Parkinson's Disease ( IF 3.2 ) Pub Date : 2020-07-27 , DOI: 10.1155/2020/7140984
Trine Hørmann Thomsen 1, 2 , Troels Wesenberg Kjær 1, 2 , Lene Bastrup Jørgensen 3, 4 , Anita Haahr 5 , Kristian Winge 6
Affiliation  

Background. Individuals with Parkinson’s Disease (PD) have bradykinesia during mobility tasks in the morning before intake of dopaminergic treatment and have difficulties managing Activities of Daily Living (ADLs). Early morning off (EMO) refers to off-states in the morning where the severity of bradykinesia is increased and causes a decrease in mobility related to wearing off of effects of medication. Measurements from devices capable of continuously recording motor symptoms may provide insight into the patient’s response to medication and possible impact on ADLs. Objectives. To test whether poor or slow response to medication in the morning predicts the overall ADL-level and to assess the association between change in bradykinesia score (BKS) and the risk of having disabilities within three selected ADL-items. Methods. In this cross-sectional study, the sample consists of 34 patients with light to moderate PD. Data collection encompasses measurements from the Parkinson KinetiGraph, and the ADL-limitations are assessed by the Movement Disorder Society Unified Parkinson Disease Rating Scale (MDS-UPDRS) Part II. Results. The association between UPDRS- II and BKS from the algorithm was −0.082 (), 95% CL:−0.113; −0.042).

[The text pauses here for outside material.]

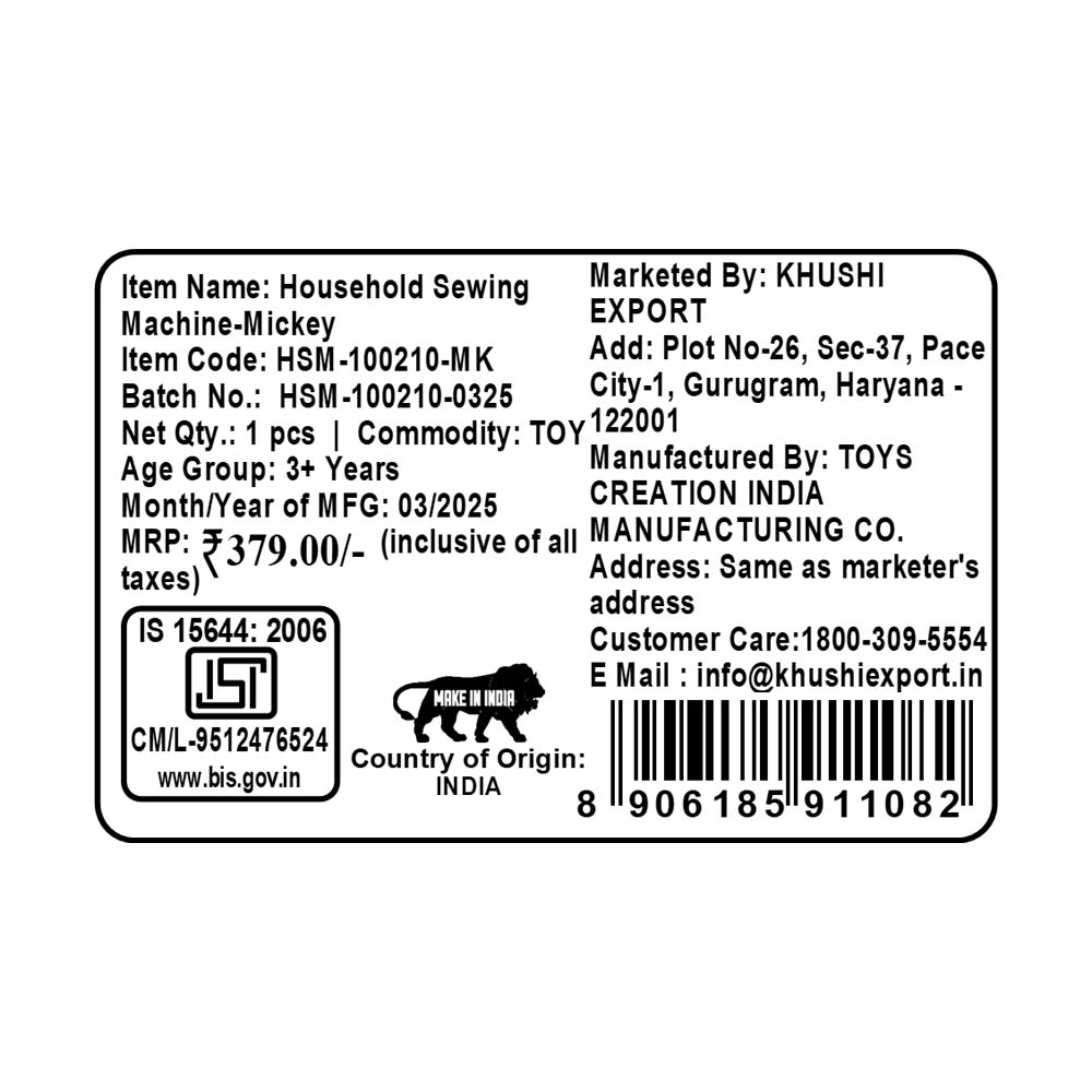 Kriiddaank HouseholdSewingMachine-MickeyThemeHSM-100210ByDisneyToy Sewing Machine with Interactive Buttons Toy Sewing Machine for KidsImaginative Play for KidsInteractive Sewing Machine for Early ChildhoodToy Sewing Machine for Toddlers with Sound

The individuals experienced disabilities in performing “Speech” () and “Doing hobbies” () when being slow or poor responders to dopaminergic therapy. The PD patients’ L-dopa equivalent dose seems to be a strong predictor of the ADL-level in the morning. Conclusion. Slow response to the medication dosages in the morning is correlated with disabilities in the overall ADL-level in PD. The combination of PD-drugs and precise, timely dosages must be considered in the improvement of the ADL-level in PD patients.

中文翻译:

“对晨间药物的反应能预测帕金森病当天的 ADL 水平吗?”

背景。帕金森病 (PD) 患者在早上接受多巴胺能治疗前的活动任务期间出现运动迟缓,并且难以管理日常生活活动 (ADL)。清晨休息 (EMO) 是指早上的休息状态,运动迟缓的严重程度增加并导致与药物效果消失相关的活动能力下降。能够连续记录运动症状的设备的测量结果可以深入了解患者对药物的反应以及对 ADL 的可能影响。目标. 测试早上对药物的不良反应或缓慢反应是否可以预测总体 ADL 水平,并评估运动迟缓评分 (BKS) 的变化与三个选定 ADL 项目中残疾风险之间的关联。方法。在这项横断面研究中,样本由 34 名轻至中度 PD 患者组成。数据收集包括来自 Parkinson KinetiGraph 的测量结果,ADL 限制由运动障碍协会统一帕金森病评定量表 (MDS-UPDRS) 第 II 部分评估。结果。算法中 UPDRS-II 和 BKS 之间的关联为 -0.082(), 95% CL:-0.113; -0.042)。个人在执行“演讲”时遇到了残疾()和“做爱好” ()当对多巴胺能治疗反应缓慢或反应不佳时。PD 患者的左旋多巴当量剂量似乎是早晨 ADL 水平的强预测因子。结论。早上对药物剂量的反应迟缓与 PD 患者总体 ADL 水平的残疾有关。在改善 PD 患者的 ADL 水平时,必须考虑 PD 药物和精确、及时的剂量相结合。